NU Online News Service, March 11, 2:49 p.m. EST
Hannover Re Group reported net income rose substantially for 2009, up EUR858 million ($1.17 billion at the current exchange rate) compared to a loss for 2008 on the strength of a moderate catastrophe loss year and its acquisition of ING life reinsurance portfolio.
The Hannover, Germany-based company reported net income of EUR731 million ($1 billion), or EUR6.06 ($8.29) a share for 2009 compared to net loss of EUR127 million ($174 million), or negative EUR1.05 ($1.44) a share, for 2008.
The results were helped by a 26.5 percent increase in gross written premiums, rising EUR2.15 billion ($2.95 billion) to EUR10.3 billion ($14.1 billion).
Hannover Re's property and casualty business net income rose from a net loss in 2008 of EUR161 million ($220 million) to net income of EUR473 million ($646 million) in 2009.
Gross written premium for P&C rose 15 percent, or EUR759 million ($1.04 billion), to EUR5.75 billion ($7.86 billion).
The company's combined ratio rose 1.2 points to 96.6 on the year.
The insurer said catastrophe losses of EUR240 million ($328 million) for 2009 were below the expected level. The largest single loss event for Hannover Re was the severe bush fires in Australia, which cost the company EUR35 million ($48 million). Winter Storm "Klaus" and the crash of an Airbus each produced loss expenditure of EUR34 million ($46 million).

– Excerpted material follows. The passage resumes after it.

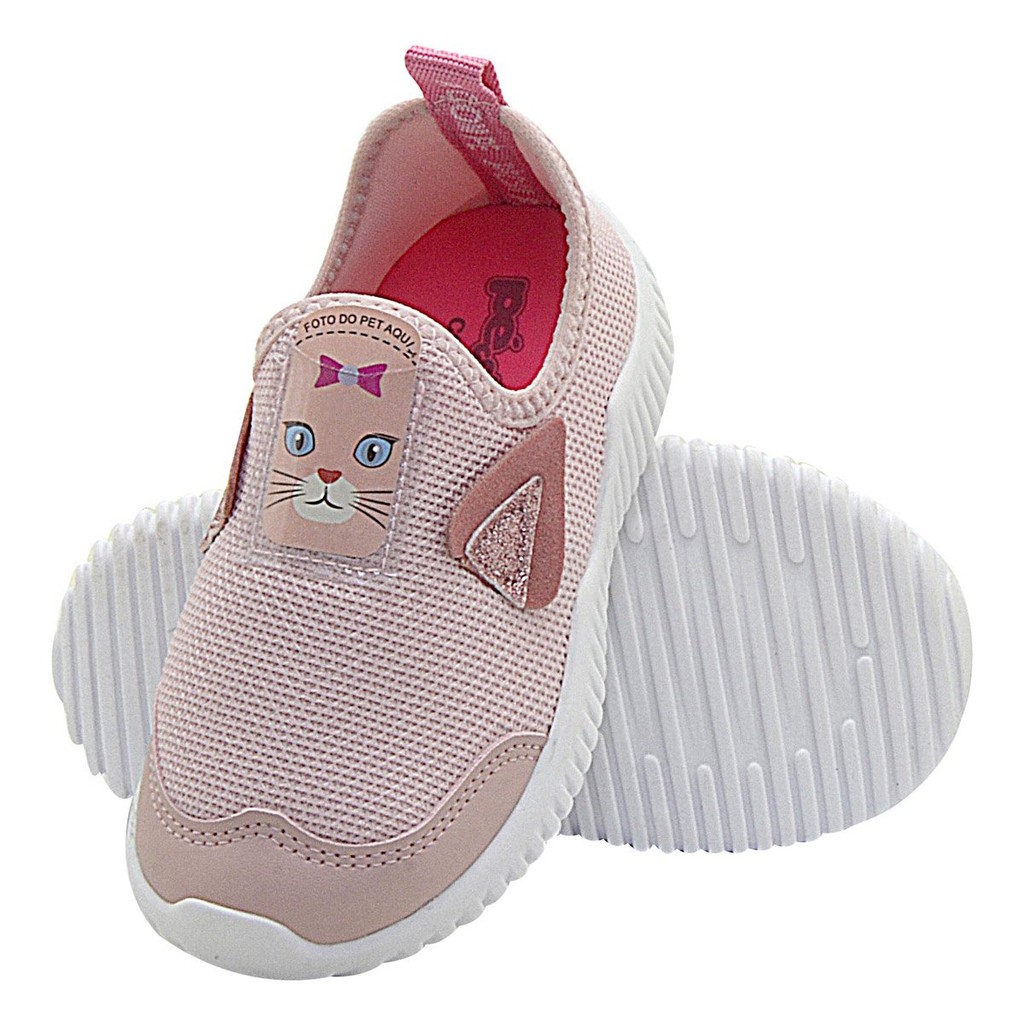 Tênis Infantil Menina Gatinha Fofo Calce fácil Confortável e Leve para Escola e Dia a Dia

The insurer added that the slightly higher combined ratio reflected a prudent reserving policy and that it further increased the safety level of its loss reserves.

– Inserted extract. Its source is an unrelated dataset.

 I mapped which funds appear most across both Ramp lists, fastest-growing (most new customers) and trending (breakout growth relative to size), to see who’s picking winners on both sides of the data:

Hannover went on to say that non-life reinsurance delivered substantial profit contribution in the wake of the heavy loss expenditures incurred in 2008.

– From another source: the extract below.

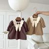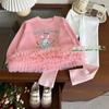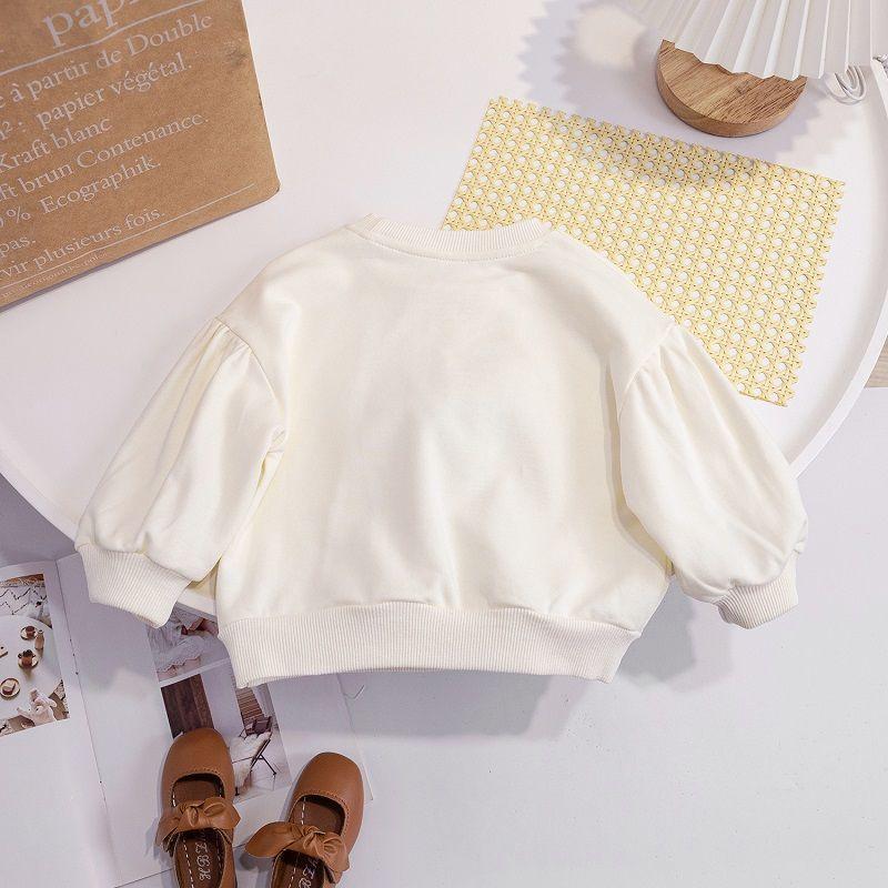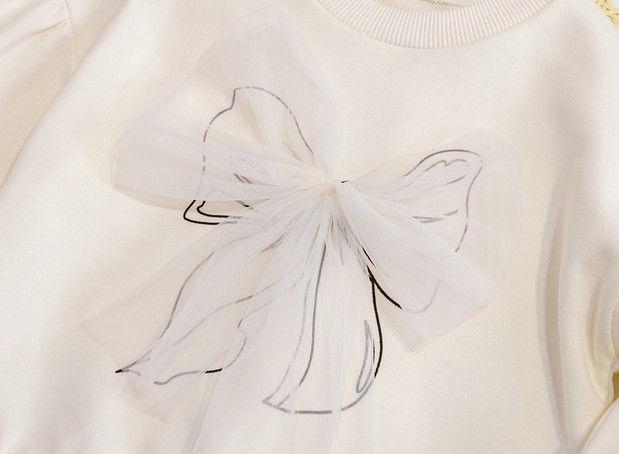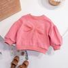 Moletom fofo e doce para bebês meninas, primavera e outono de 2025, com laço tridimensional, moda estilo ocidental, manga comprida

It also saw stable prices and obtained price increases in 2009. In some segments, such as credit and surety insurance or catastrophe business, the price rises even ran into double-digit percentages, the company said.
"In view of the very favorable market conditions we stepped up our involvement, especially in attractive segments," said Ulrich Wallin, chief executive officer.
In the life and health segment, net income rose EUR217 million ($297 million) to EUR296 million ($404 million). Gross written premium in the segment rose EUR1.4 billion ($1.9 billion) to EUR4.5 billion ($6.2 billion).
Hannover Re said it is optimistic in its outlook for this year adding that January renewals for property and casualty business "passed off in line with expectations."
"Given our very good ratings we are able to profit from market opportunities and consequently expect business to develop favorably," Mr. Wallin said.
For 2010 Hannover Re said it would maintain underwriting discipline to maintain adequate rate or underwrite in segments where prices are rising. This would be particularly true of worldwide credit and surety reinsurance as well as aviation business.
"In non-life reinsurance we anticipate growth of around 4 percent in net premium and a healthy profit contribution," Mr. Wallin noted.
Regarding catastrophe losses the company suffered from the earthquake in Chile and winter storm Xynthia, which struck Europe, losses stand at EUR185 million ($253 million) for the earthquake and EUR40 million ($55 million) from the winter storm.
Despite these early, unexpected losses, the company's assumption that its return on equity of at least 15 percent remains unchanged. However, obtaining that number is "conditional upon there being no further exceeding of the major loss expectancy and no drastic downturn [in the] capital markets."